Can she take the gym requirement in the summer? Or is that all planned out already?
In our district Chemistry is a junior class, 9th Earth Science, 10th Bilology, 11th Chemistry, 12th Physics.
If you have taken ES in 8th grade then you can take Bio in 9th and Chem in 10th.
It is not just a lot of material to study, they also did labs and sometimes had to redo labs after school and work with a partner on lab reports.
I would let her get used to high school, tell her she can still swim and be in band for freshman year, make friends.
Take a history class. Then in sophomore year she can take Chemistry and might have to decide if she wants to continue with swimming or school band. Then junior and senior year take APs.

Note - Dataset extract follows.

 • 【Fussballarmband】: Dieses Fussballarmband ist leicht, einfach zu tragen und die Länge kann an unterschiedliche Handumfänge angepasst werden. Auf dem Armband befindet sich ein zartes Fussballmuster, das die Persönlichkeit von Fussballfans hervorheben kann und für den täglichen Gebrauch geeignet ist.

OP, It would be a blessing for the guidance counselor not to have your name on her roster. Your micromanaging your child and the school just screeches out from your posts. The US educational system isn’t cram school, Obviously you took a wrong turn someplace. Too bad for your child. The GC is not there just for you. The GC has loads of kids to advise. All of whom are as important as yours and some who may accomplish even more than your child. Thankfully so right. Don’t you want all the kids to do well?
In this country, school is about education not gaining competitive edge. If they offered cram schools here, few would show and you’d have to feel really badly for the kids of those parents who signed them up.
Sometimes people can’t see the forest for the trees. If the goal is to get your child into the most competitive school possible, and lord knows the kid will have had 12 years of pushing to set the scene for that, then the GC is probably more important then any other one factor. In other words, admission to the school you desperately want for your kid may rest on whether or not the GC gives the school the nod. And you won’t be there to see since the nod isn’t usually pubic. So maybe allowing your child to develop his or her own relationship with the GC is a really good idea that could get your child into whatever it is that you so desperately want for him or her in a way your approach is unlikely to.
OP. I am guessing that this is you first child. You seem a bit stressed, but most posters here are being a bit harsh. Remember that for most posters, the definition of a helicopter parent is any parent that is more involved than they are, and the definition of a slacker parent is any parent who is less involved than they are. Just ignore the peanut gallery, if their comments are not helpful.
I do not understand why you need the school’s approval for an online course. Our kids take summer classes, and we don’t discuss them with the school at all. We let the kids pick summer experiences to explore their interests.
If your goal is to get your kid into the best college, remember that cramming as many APs as possible into their schedule will not help their chances, and in most cases, will hurt their chances. Parents who do this usually do not understand the current processes for competitive admissions. If your student is a strong student and you want to give them the best chances, I recommend that you read up about the college admissions process, and what top colleges look for. If you aren’t confident, you may want to hire a private consultant who can explain the process and guide your decisions.
We’re also dealing with a less-than-stellar guidance counselor, however, my youngest son will be a HS senior this year. The very last thing I want to do is tick her off, we still need her at this point. So, even though she’s been less than helpful, I make sure to appear very thankful and polite to her. You catch more flies with honey and all that…
On a side note, pushing a child academically to the exclusion of having a “normal” childhood can backfire in a big way.You don’t want your child to be tired of school long before she graduates.
The OP has been reading, if not replying. Most schools are looking for students who are self motivated, engaged, energetic and capable of thinking outside the box (sorry a tired expression but so am I), something kids molded to be the perfect elite college applicant are not. But there is something else I and others mentioned that is worth reiterating. Senior year, those students interested in applying to elite schools will be asking for 3 letters of recommendation; two from teachers. The teachers will be writing letters for many students. Maybe 30 or more. He/she will write “good” letters for each of the students. And, if they were to hand the letter to the student, the student would be flattered. But there are two things to remember.
First, the teachers will consider each kid in relation to the larger pool of kids she or he teaches but, more immediately, will compare the student to others applying that year. And, if you looked at all the letters together, you would see there is a continuum of adjectives and expressions that allow you to order the letters from those the teacher views as extraordinary to those that she/he views as ordinary and nice. And, while academic aptitude plays a role, so does the teacher’s judgement of the student’s character. Students who are viewed as grade grubbing, self centered and pushed by parents won’t be in the extraordinary pile regardless of aptitude or achievement.
Second, the GC’s impressions of the student often means the difference between being accepted or rejected. Schools trying to weigh one student vs another may call the GC. At that point, a good relationship between the GC and student is key. If a parent has been over bearing and has been the one working with the GC rather that the student, the GC’s recommendations may not be strong enough for the school. In that case, the child may be denied even if he or she has 800s, perfect grades and the “right” EC’s.
I’ve said some of this above but not explained it fully enough. In 8th grade it makes sense to advocate for your child but the way you are doing it may end up backfiring.